Proclus intègre beaucoup de chose dans son système mais de manière très organisée, le coeur reste la seconde partie du Parménide de Platon. Je ne pense pas que les néoplatoniciens défendant la théurgie (Jamblique, Syrianus, Proclus) le fasse au détriment de la philosophie. Celle-ci reste « opératoire », ce n’est pas une simple spéculation (mentale), mais la théurgie peut venir en complément.

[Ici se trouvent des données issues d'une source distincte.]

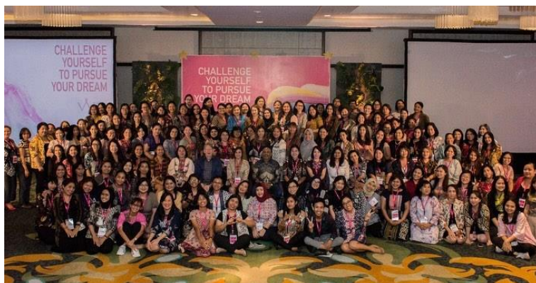
With theme "Challenge yourself to pursue your dream"
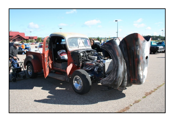
Chuck & Marlene Rogers' cool 1946 Ford truck.
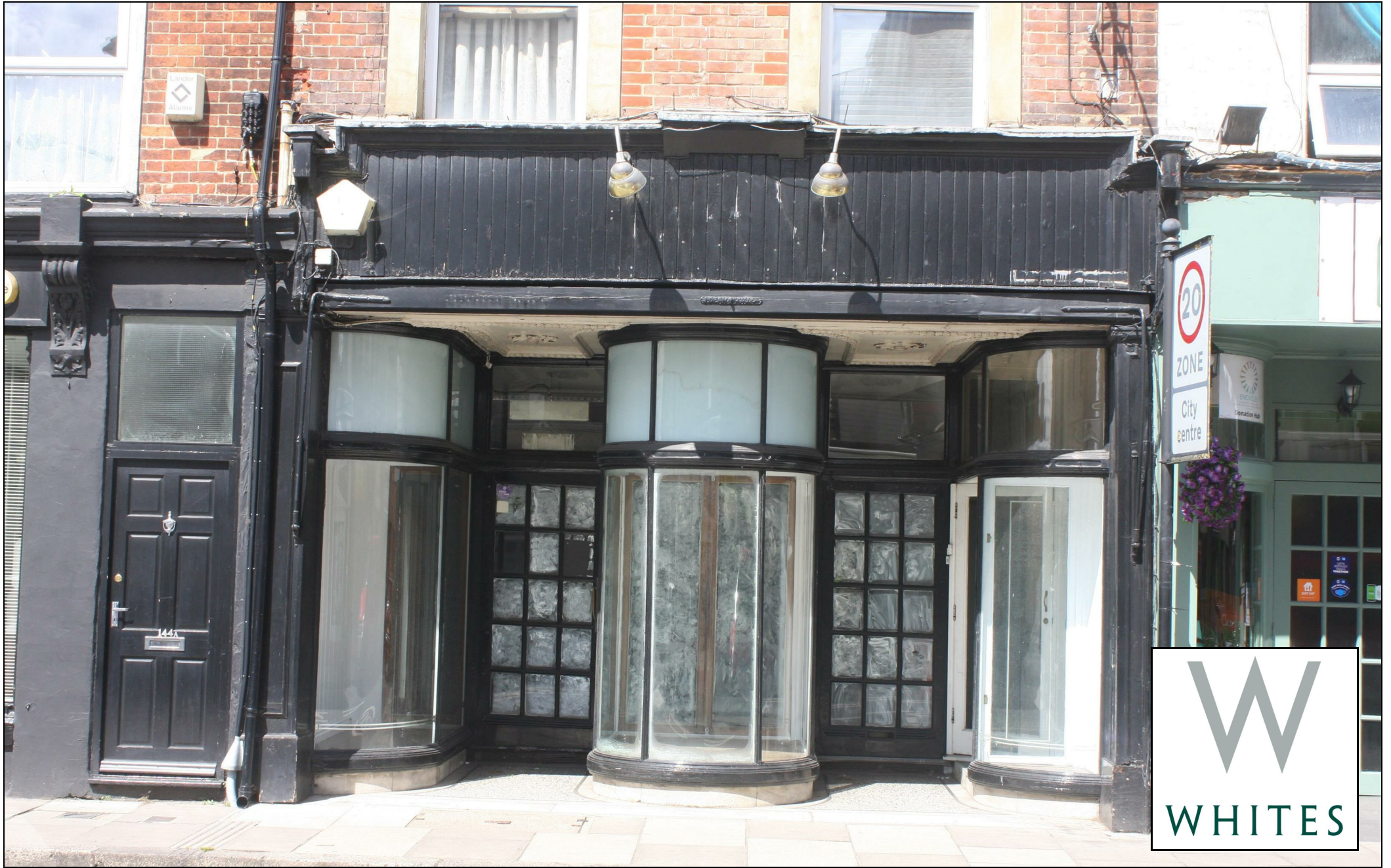
Shop at 142 Fisherton Street, Salisbury, Wiltshire, SP2 7QT
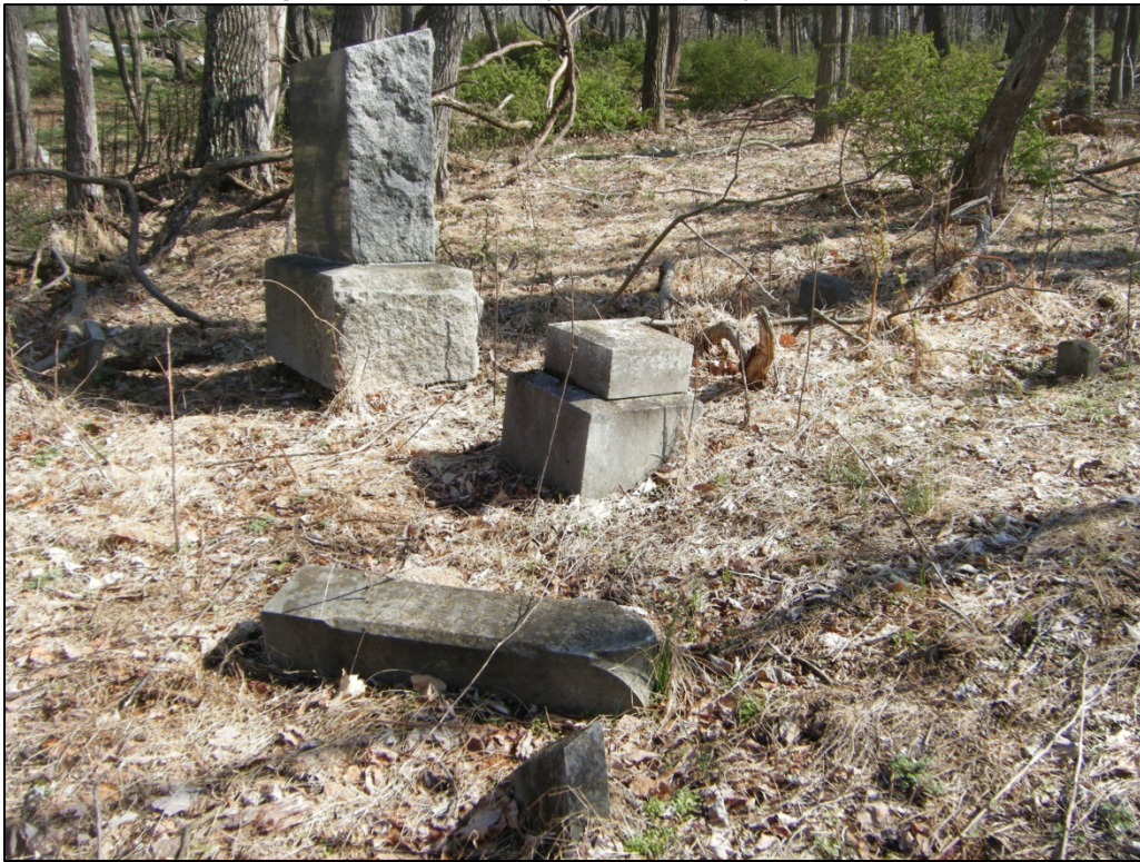
Photograph of toppled headstones documented at 46-HM-177.
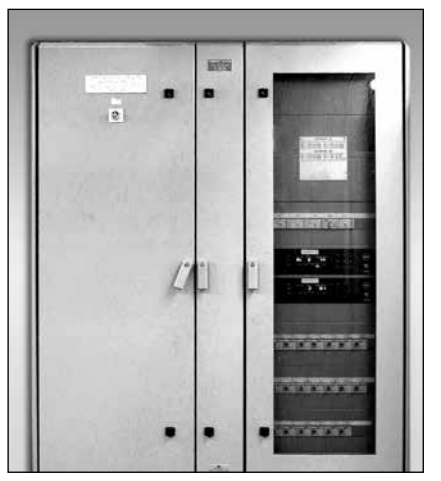
Power Distribution: For heating applications involving multiple tank or vessel heating circuits or where FlexiPanels will be used in conjunction with electric pipe heat tracing, Thermon can provide complete power distribution and control panels. These panels can be custom-designed to meet the specific requirements of an application, including enclosure type and control and monitoring capabilities. Contact Thermon for complete information.
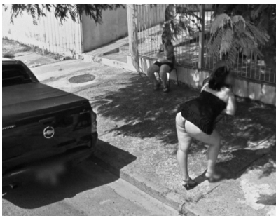
See “Why would you give us advance warning?” pg. the Wall Street Journal for some reason
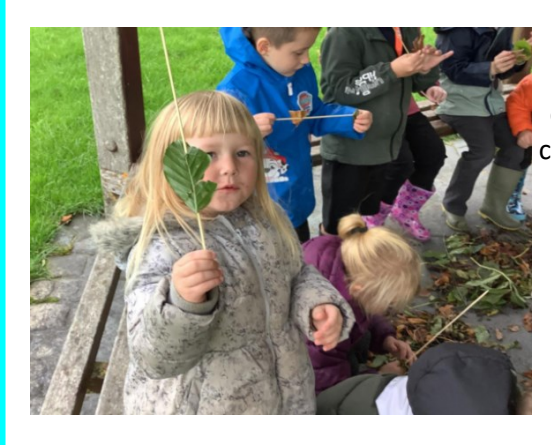
We discussed the different seasons, and about all the different colours of the leaves we collected during our session on this glorious autumnal day.

went on a leaf hunt. We were asked to find lots of different shape and colour leaves...which isn't hard to do on our beautiful field. Once we had collected lots of leaves, we had to choose a selection to make our own leaf skewers.
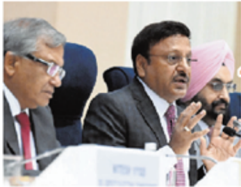
Battle lines drawn: Chief Election Commissioner Rajiv Kumar with fellow Election Commissioners addressing a press conference.

Making it count | A look at key dates of the two States heading to the polls
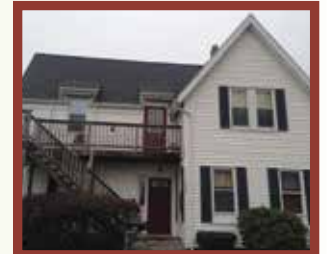
12 units for individuals
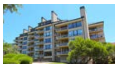
Ocean Club Villas
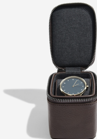
Brown Small Travel Watch Box 7 x 10 x 8.5cm 75394
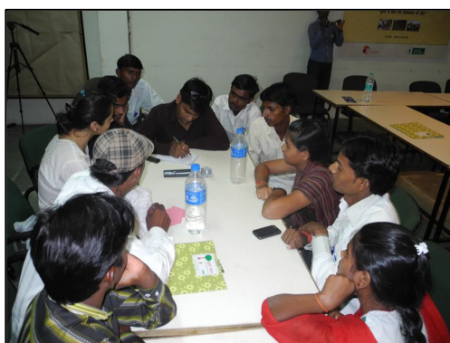
Radio reporters work on questions to ask scientific experts and local government officials

conversation and interviews with the farmers in the different villages and knowledge gained from the preceding day's climate change presentations and discussions - make a list of questions that they would ask the local scientists and the local agriculture department government officials (local policy makers) that they would be meeting the next day. Each of the three groups then presented their list of questions. Reporters from the other two groups were encouraged to give
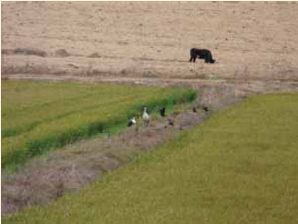
Laguna de la Landa, rice fields with stork and ibis

After a buffet lunch we hiked into the forest to view different bird species. Although most of the wild
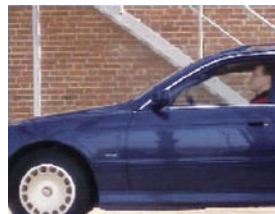
Progressive Scan, all lines are captured at the same time

Progressive scan is used instead of the interlaced method found in analog CCTV (PAL/NTSC) cameras. With progressive scan all pixels (lines) are captured at the same time, enabling moving images to be presented without distortion.
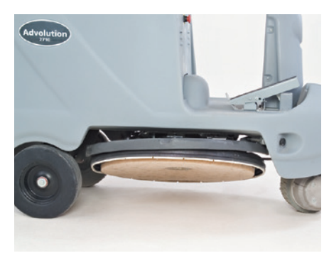
Mid-mounted, burnishing head tilts up for access to change burnishing pads quickly and easily.
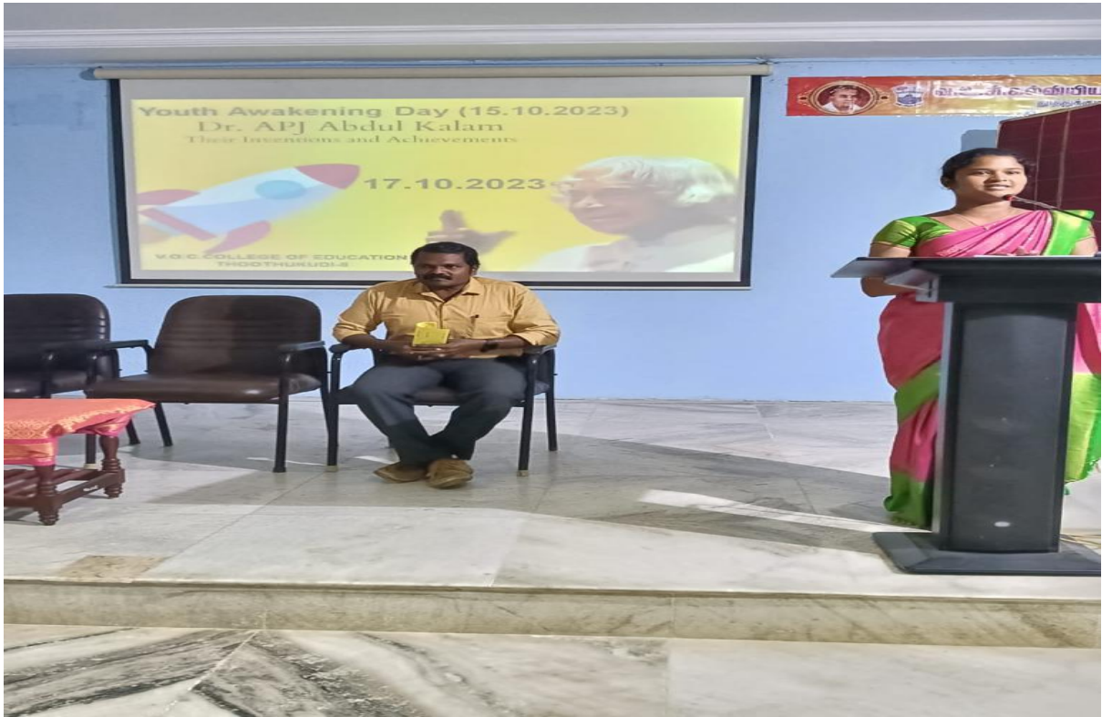
On account of Dr.A.P.J. Abdul Kalam's birthday our college organized Youth Awakening Day on 17.10.2023.
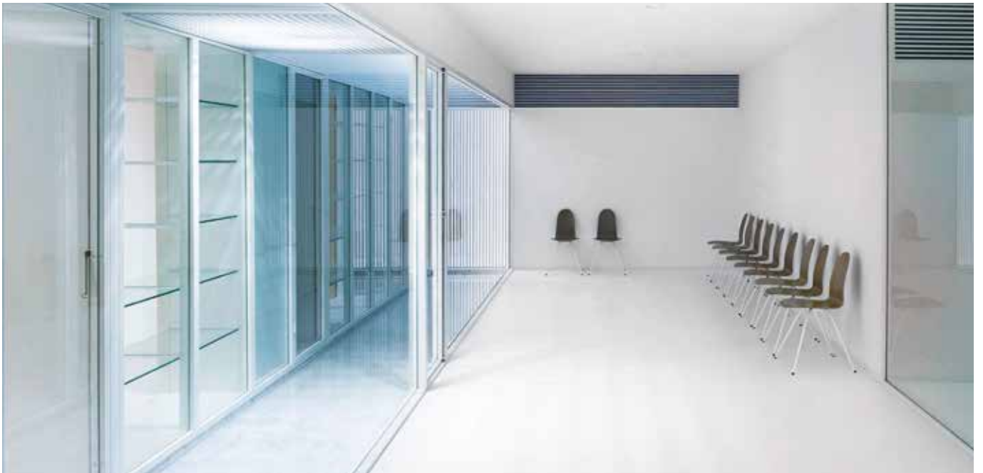
Tongue chairs MEDICAL CENTER ZARAGOZA Zaragoza, Spain
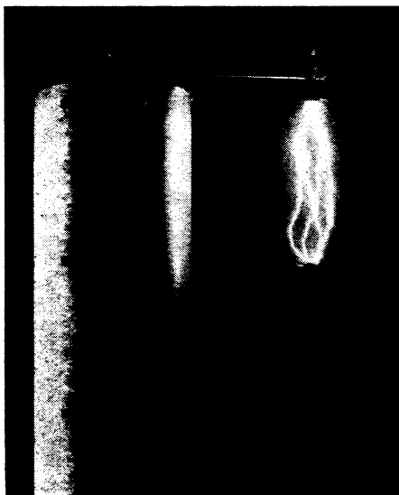
INSTRUMENT RESEARCH CO.

THE WONDERS OF NATURE OUTSHINE THE BRILLIANCE OF MAN—A compact, million-volt impulse generator can deliver in 50 billionths of a second more power than is generated by Niagara Falls, but its power is outshone by a bolt of lightning caught striking the top of the State Capitol dome in Olympia, Wash. Nature's stroke was photographed with a Hasselblad 2\frac{1}{4} \times 2\frac{1}{4} single lens reflex camera during a 30 second time exposure at f/8 on Tri-X film.
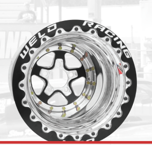
15" ALUMASTAR BEADLOCK
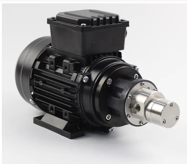
Food Grade Stainless Oil Circulating Pump 2GPM
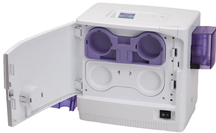
SINGLE SIDED LAMINATOR
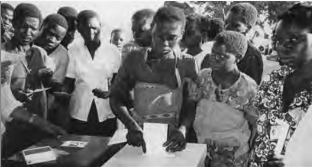
Women voting in the 1994 elections, Inlugo village, Zambézia Province

saw Chissano re-elected ahead of Dhlakama and other candidates by a slim majority of total votes cast. On 14 November, some days after the United Nations certified the elections 'free and fair', Dhlakama formally conceded defeat. A new, all Frelimo government was installed in late December.
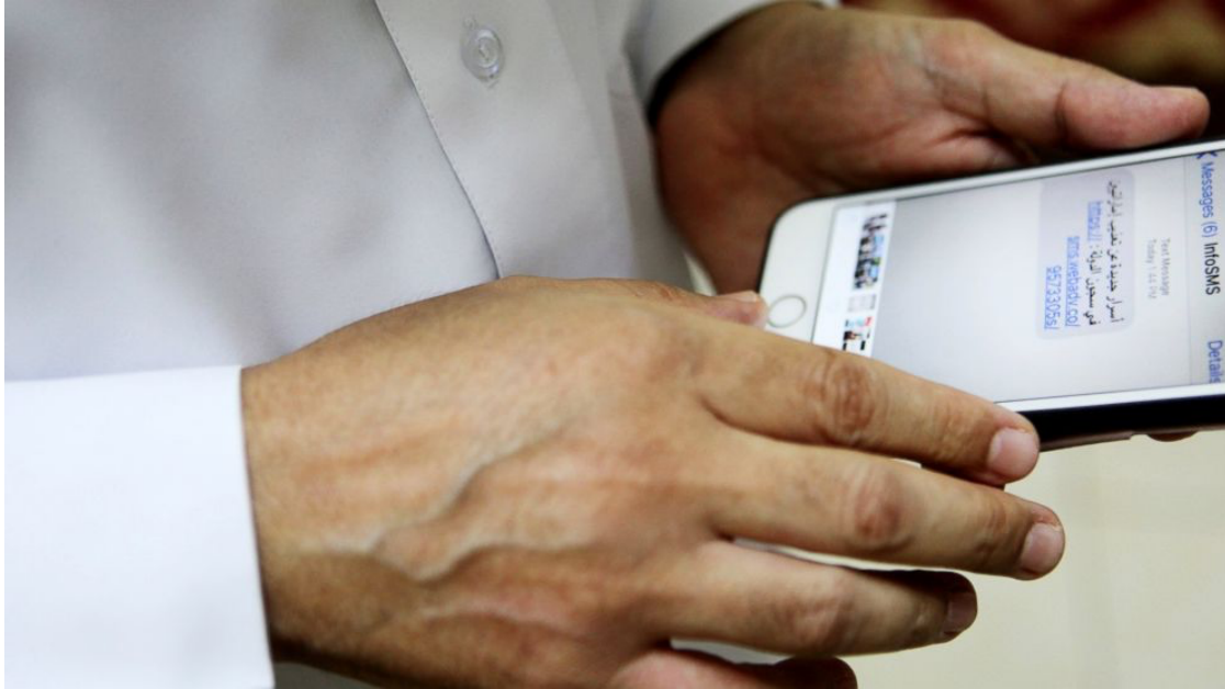
Human rights activist Ahmed Mansoor shows Associated Press journalists a screenshot of a spoof text message he received in Ajman, United Arab Emirates, on Thursday, Aug. 25, 2016. The text message reads: "New secrets on the torture of Emirati citizens in jail."

In August 2016, in the most publicized government attempt to hack his iPhone cell phone and online accounts, Mansoor received a text containing a link that the sender promised would divulge information on detainee torture in UAE prisons. 13 Instead of clicking on the link, Mansoor forwarded the message to Citizen Lab researchers who determined that this was a sophisticated phishing attempt using technology from an Israeli company, the NSO Group. 14 The attack exposed vulnerabilities in Apple's mobile operating system, spurring the company to release an update fixing that security flaw. Security experts said at the time that the tool used to target Mansoor could be worth as much as $US 1 million, leading some to refer to Mansoor with his newly-acquired notoriety as "the million-dollar dissident." 15
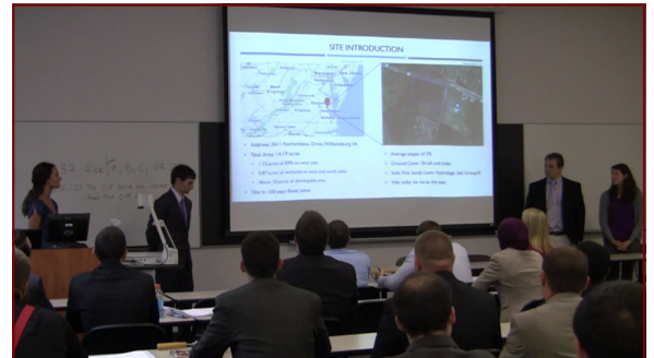
A student design team mentored by AES Consulting Engineers present their final design project.

CEE 4274 - Land Development Design remains a tremendously popular course offering in the Via Department of Civil & Environmental Engineering, and the spring 2014 semester saw the course at its maximum enrollment of 40 students for the first time since 2007! Beginning in the fall 2006 semester, and facilitated through LDDI, students taking CEE 4274 have been paired with at least one engineer from an LDDI sponsoring firm, who serves as their mentor throughout the entirety of a semester-long design project. LDDI would like to thank the individuals from the following firms for their time and energy to serve as mentors to CEE 4274 students during the 2013-2014 academic year:
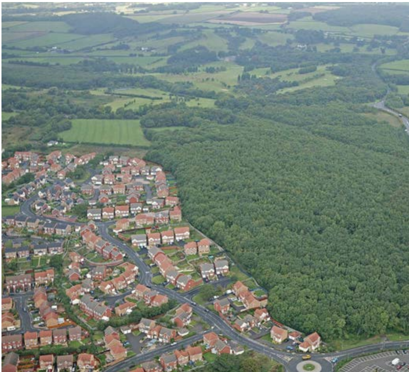
Fragmented woodland with unbuffered development at Pencoedre Wood, Vale of Glamorgan.
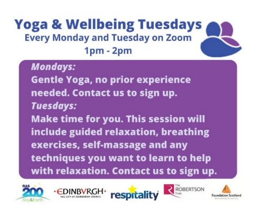
Figure 7. A regular online yoga class from Care for Carers
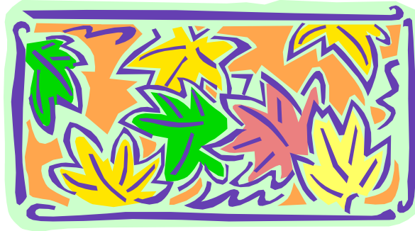
School Store Open Thursdays After School Beginning October 23, 2008

But... remember to park in a marked space and please do not leave your car in the pick up area unattended.
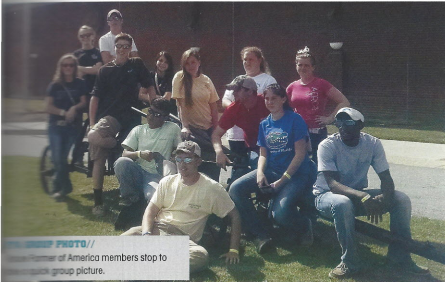
GROUP PHOTO // Future Farmers of America members stop to take a quick group picture.

Future Farmers of America is a youth organization within agricultural education that prepares students for premier leadership, personal growth, and career success. FFA was founded in 1928, making it 88 years old. While meeting monthly after school at TCTC, FFA members prepare for upcoming events. It is fairly easy to become a member of FFA: all you have to do is be enrolled in an agricultural class at TCTC. Being a member of this program gives you endless opportunities financially and spiritually. The National FFA Organization awarded $2.7 million in scholarships designed to fit the diversity of all FFA members, and most importantly, FFA teaches students how to work as a team and gain their own sense of personal growth.
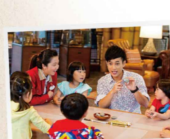
Arts and Crafts Workshop
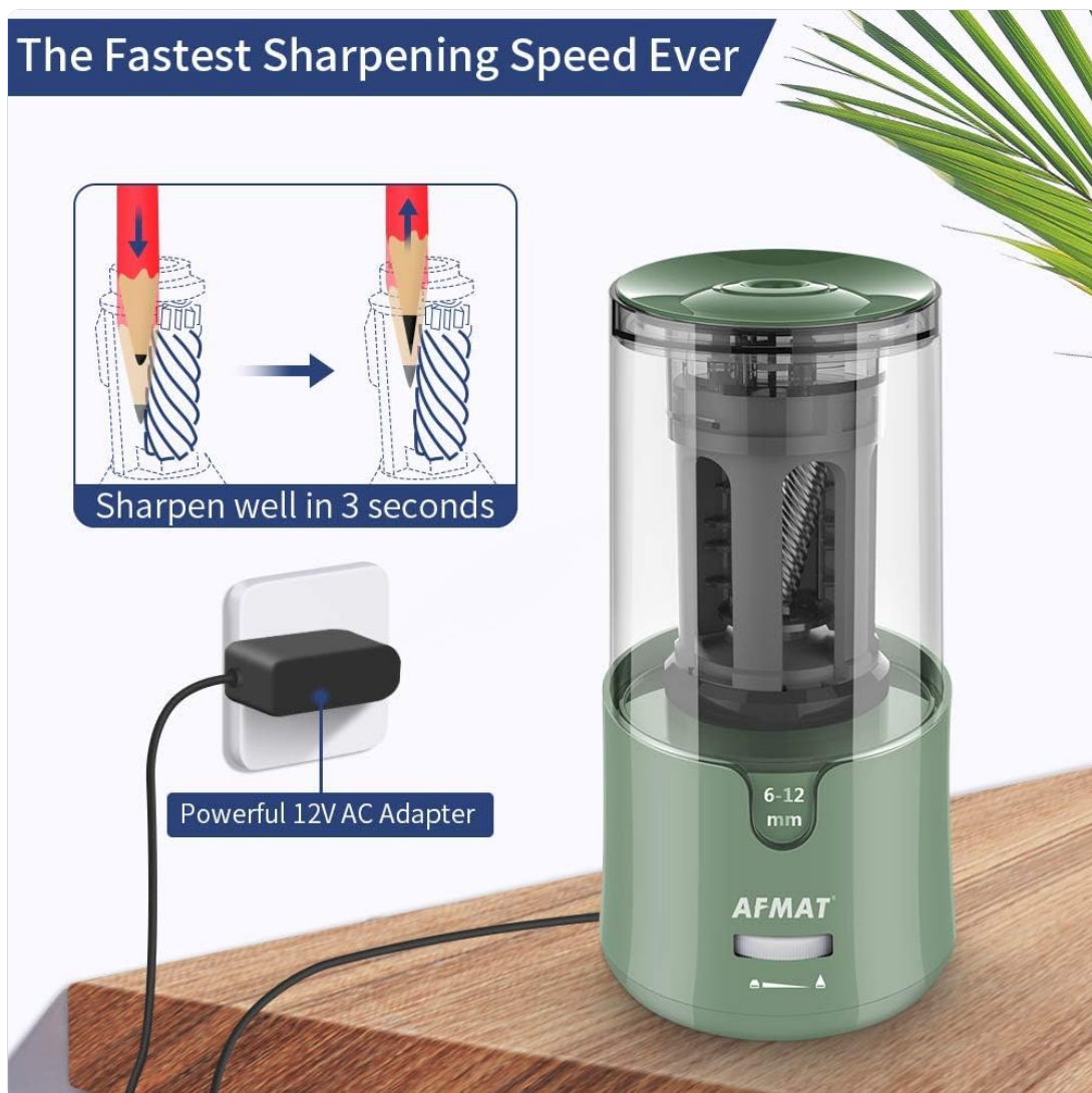
Figure 2: Connecting the power adapter to the sharpener.

La théurgie est liée étroitement aux Oracles chaldéiques rassemblée par Julien-père, Chaldéen et philosophe platonicien. Ces textes (publiés dans un ouvrage de Jamblique qui ne nous est pas parvenu) sont disparates : à une collection d'oracles et de rites anciens s'ajoutent des révélations obtenues par Julien-fils auprès de Platon lui-même, considéré comme un dieu. Selon H.D. Saffrey ("Les néoplatoniciens et les Oracles Chaldéiques") c'est cette origine "platonicienne" qui en explique le succès.
Même en possession de tous les textes (nous n'avons que de maigres fragments), cela ne serait sans doute pas suffisant pour comprendre leur place et leur rôle. L'enseignement oral (comportant une partie secrète) a toujours été au centre de la pensée et de l'école platonicienne."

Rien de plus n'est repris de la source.